I recommend you watch the video.
I don't really understand your first paragraph. You don't define "seat of your pants" thinking, or your "they", or your 120 Zeros.
Your second paragraph is an assertion, so fails the test of validation. Not even sure what your argument is.
In your third paragraph, you elevate scientists beyond their station. They have no greater insights beyond the borders of knowledge than anyone else, except perhaps that they know where the borders are within their discipline. Heisenberg was no different.
Those borders change over time, of course. Newton knew more than Galileo and Galileo than Ptolemy. Things we see as laws are occasionally refined or refuted when there is new knowledge available. Even so, scientific laws at any point reflect the truth as far as it can be tested. Thus laws at a minimum approximate the truth.

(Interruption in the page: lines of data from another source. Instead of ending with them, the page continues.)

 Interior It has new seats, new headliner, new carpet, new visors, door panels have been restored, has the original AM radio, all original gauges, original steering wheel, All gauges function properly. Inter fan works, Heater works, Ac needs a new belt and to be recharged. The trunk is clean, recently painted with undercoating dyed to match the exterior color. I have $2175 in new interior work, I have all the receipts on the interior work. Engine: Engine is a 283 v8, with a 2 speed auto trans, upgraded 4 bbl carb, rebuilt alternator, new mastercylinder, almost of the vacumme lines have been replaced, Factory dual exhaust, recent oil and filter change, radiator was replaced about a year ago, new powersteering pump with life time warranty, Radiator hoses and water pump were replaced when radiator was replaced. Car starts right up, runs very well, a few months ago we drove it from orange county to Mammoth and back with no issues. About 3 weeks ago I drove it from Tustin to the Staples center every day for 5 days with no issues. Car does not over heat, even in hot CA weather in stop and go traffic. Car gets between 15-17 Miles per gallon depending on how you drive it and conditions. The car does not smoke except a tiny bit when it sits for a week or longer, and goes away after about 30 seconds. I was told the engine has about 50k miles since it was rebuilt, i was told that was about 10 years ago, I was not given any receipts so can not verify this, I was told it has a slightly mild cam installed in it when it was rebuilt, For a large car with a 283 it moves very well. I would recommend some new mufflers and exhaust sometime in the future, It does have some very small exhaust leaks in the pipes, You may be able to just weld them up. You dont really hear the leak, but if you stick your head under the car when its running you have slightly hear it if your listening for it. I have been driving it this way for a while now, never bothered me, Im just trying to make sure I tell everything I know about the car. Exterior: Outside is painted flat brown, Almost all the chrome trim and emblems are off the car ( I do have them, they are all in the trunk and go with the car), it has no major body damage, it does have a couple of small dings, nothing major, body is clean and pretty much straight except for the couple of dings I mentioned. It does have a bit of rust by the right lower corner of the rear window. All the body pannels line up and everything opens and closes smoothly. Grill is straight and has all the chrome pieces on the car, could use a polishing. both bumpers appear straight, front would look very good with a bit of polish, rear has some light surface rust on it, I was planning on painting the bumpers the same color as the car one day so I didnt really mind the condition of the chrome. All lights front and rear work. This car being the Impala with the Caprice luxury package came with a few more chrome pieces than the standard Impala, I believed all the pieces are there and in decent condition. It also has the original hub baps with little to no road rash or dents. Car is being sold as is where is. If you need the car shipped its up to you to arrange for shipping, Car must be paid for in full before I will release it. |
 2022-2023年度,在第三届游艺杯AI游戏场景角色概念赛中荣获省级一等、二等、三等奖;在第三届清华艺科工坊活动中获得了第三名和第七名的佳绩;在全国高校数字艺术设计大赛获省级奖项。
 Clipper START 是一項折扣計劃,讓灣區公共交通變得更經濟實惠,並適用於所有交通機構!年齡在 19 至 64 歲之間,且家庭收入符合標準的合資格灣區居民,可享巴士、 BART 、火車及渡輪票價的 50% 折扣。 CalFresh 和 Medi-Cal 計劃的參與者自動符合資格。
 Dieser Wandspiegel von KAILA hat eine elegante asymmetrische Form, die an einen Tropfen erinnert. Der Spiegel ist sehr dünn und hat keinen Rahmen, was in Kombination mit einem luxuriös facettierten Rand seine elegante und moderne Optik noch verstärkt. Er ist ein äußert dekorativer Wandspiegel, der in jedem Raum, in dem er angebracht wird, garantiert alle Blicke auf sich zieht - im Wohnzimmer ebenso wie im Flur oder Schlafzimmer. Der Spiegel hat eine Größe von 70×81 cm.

By the way, I think you are misinterpreting Heisenberg. He didn't say we would find God there. He wondered if we would ever reach the place such a being inhabits. The quote ends with a question: "will we be able to get to the bottom of the glass?"

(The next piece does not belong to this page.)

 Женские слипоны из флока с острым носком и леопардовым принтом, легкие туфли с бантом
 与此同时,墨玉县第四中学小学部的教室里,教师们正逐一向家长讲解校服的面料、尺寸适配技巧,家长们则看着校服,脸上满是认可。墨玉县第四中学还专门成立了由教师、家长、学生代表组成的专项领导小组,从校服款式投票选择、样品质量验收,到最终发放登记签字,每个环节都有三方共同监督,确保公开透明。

Heisenberg acknowledges the gap. All of his knowledge of science is useless to him. He is speculating about a god, in much the same way a wandering Hebrew might have done when contemplating the fire and brimstone at Sodom. We don't know what caused it, so there must be a God...
Except now we might be able to explain a fire and brimstone event of such a sort. And in a thousand years, the things that Heisenberg wondered about will probably be explicable.
Please remind me who it is that is the source of your theory. Also, what is your definition of the scientific method?